2005-01-19 Thread Peter Osterlund
On Wed, 19 Jan 2005, Daniel Gryniewicz wrote:

> On Wed, 2005-01-19 at 23:16 -0500, Dmitry Torokhov wrote:
> > On Wednesday 19 January 2005 16:07, Daniel Gryniewicz wrote:
> > > On Tue, 2005-01-11 at 21:09 -0800, Linus Torvalds wrote:
> > > > Ok, the big merges after 2.6.10 are hopefully over, and 2.6.11-rc1 is 
> > > > out
> > > > there.
> > > >
> > > > Peter Osterlund:
> > > >   o input: Add ALPS touchpad driver, driver by Neil Brown, Peter
> > > > Osterlund and Dmitry Torokhov, some fixes by Vojtech Pavlik.
> > >
> > > 2.6.11-rc1 broke my ALPS touchpad.  I have a Dell Inspiron 8600, and
> > > previously, I was patching my kernels with the patch from
> > >
> > > Message-Id: <[EMAIL PROTECTED]>
> > > Subject: [RFT/PATCH 2.6] ALPS touchpad driver
> > >
> > > and this worked fine.
> > >
> > Could you please try this patch by Peter Osterlund:
> >
> > http://marc.theaimsgroup.com/?l=linux-kernel&m=110513688110246&q=raw
> >
> > It looks like Kensington and ALPS hate each other.
>
> That fixed it, thanks.  I hope this can make it in before 2.6.11 final,
> but if it doesn't, I'll just patch it in.

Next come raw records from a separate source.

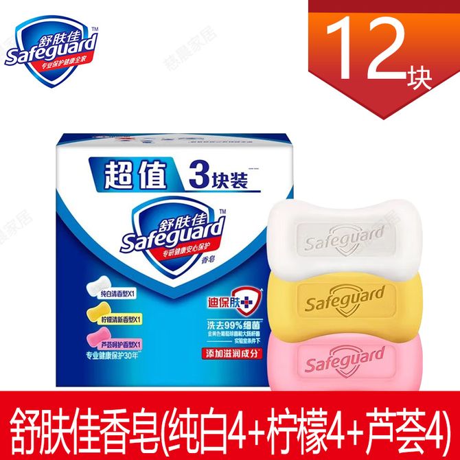 舒肤佳 香皂12块皂(纯白4+柠檬4+芦荟4)肥皂 新旧包装随机 一般48小时内发出,节假日发货可能会有延迟,部分商品可能进行包装变更,还请多多谅解! 兑换价格 3100 里程 会员卡别 终身白金卡 白金卡 金卡 银卡 普通卡 儿童卡 服务 由 慈晨家居日用专营店 发货并提供售后 化妆品容量: 组合 购买数量: 件 库存件 配送地址: 立即购买 加入购物车 成功添加到购物车 关闭 购物车共有 种商品 总金额为: 组合销售 产品介绍 产品规格 售后服务 产品咨询 发现好货 舒肤佳洗手液纯白清香420ml+芦荟420ml (抑菌99.9% 温和洁净)(新老包装随机发货) 2200 里程 舒肤佳香皂超值六块装(纯白4块+薰衣草2块) 1400 里程 舒肤佳 焕肤红石榴108gX3 香皂(新老包装随机发货) 1800 里程 舒肤佳香皂100g*4块纯白清香 1100 里程 舒肤佳/Safeguard 香皂超值四块装(2纯白+2柠檬) 1100 里程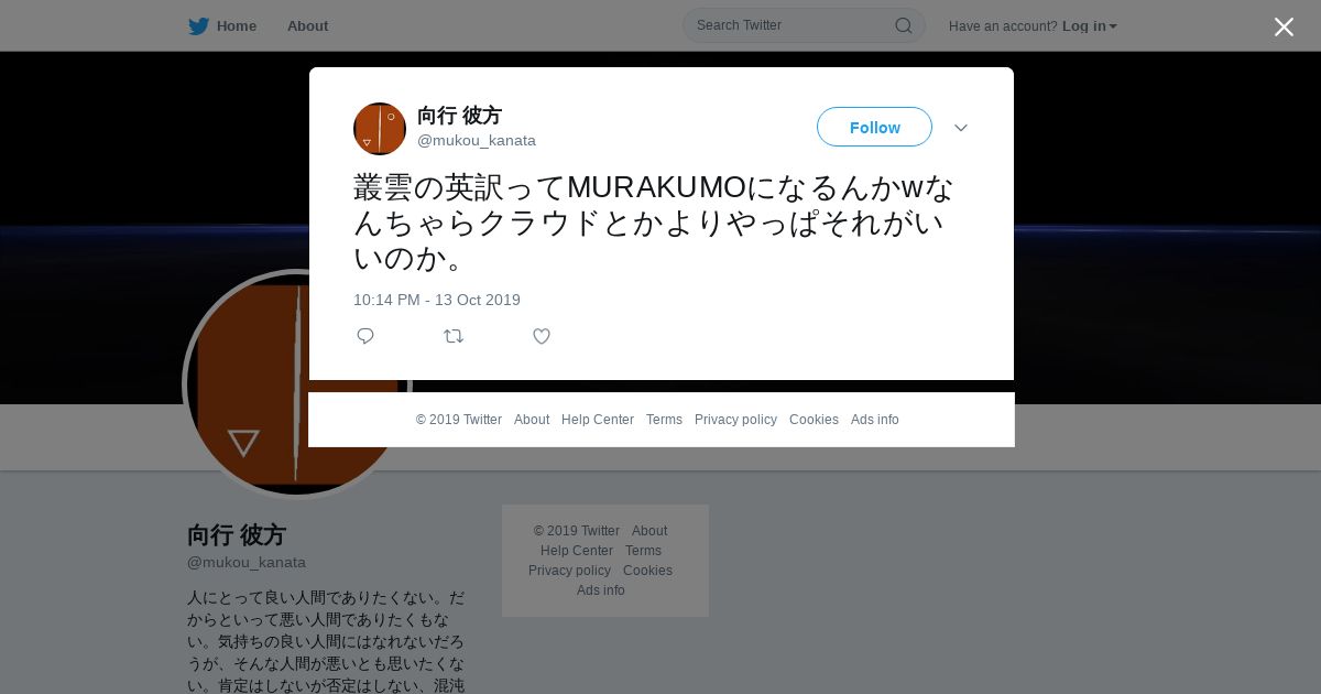 取得元URL: https://twitter.com:443/mukou_kanata/status/1183612105309581312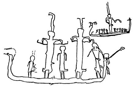 Дань состояла из скота, ослов и овец, а так как в Египте традиции всегда играли крайне важную роль, такие же подати поступали туда из этой страны и в период правления царей V династии, о чем свидетельствуют рельефы, датированные данным временем. Другие захватчики прибыли с востока на длинных лодках, нос и корма которых были загнуты почти под прямым углом (рис. 9). Суда подобного типа изображены на вырезанной из слоновой кости ручке ножа, обнаруженного в Гебель-эль-Араке, а также на скалах, расположенных вдалеке от долины Нила. Аналогичные рисунки были обнаружены в Месопотамии (рис. 10). Предводителем этих людей был персонаж с когтистыми ногами и бородой, очень похожий на Гильгамеша из вавилонского эпоса. На его голову надета корона. Голыми руками он мог поставить льва на задние лапы.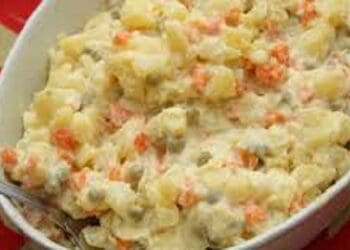 Uruguayan Potato Salad – Ensalada Rusa is lovely recipe that is delicate yet filling as a side dish. This recipe is different as Carrots and Peas are mixed with the potatoes for added flavour and texture. Also both Mayonnaise and Sour Cream are included in the recipe. This is not healthy but worth it.

OK, I've got another report in private mail where this patch fixed the
ALPS detection, so the score for this patch is now 3 success reports and 0
problem reports. I also think the patch should be included before 2.6.11
final.

The patch is already in -mm btw, it's called alps-touchpad-detection-fix.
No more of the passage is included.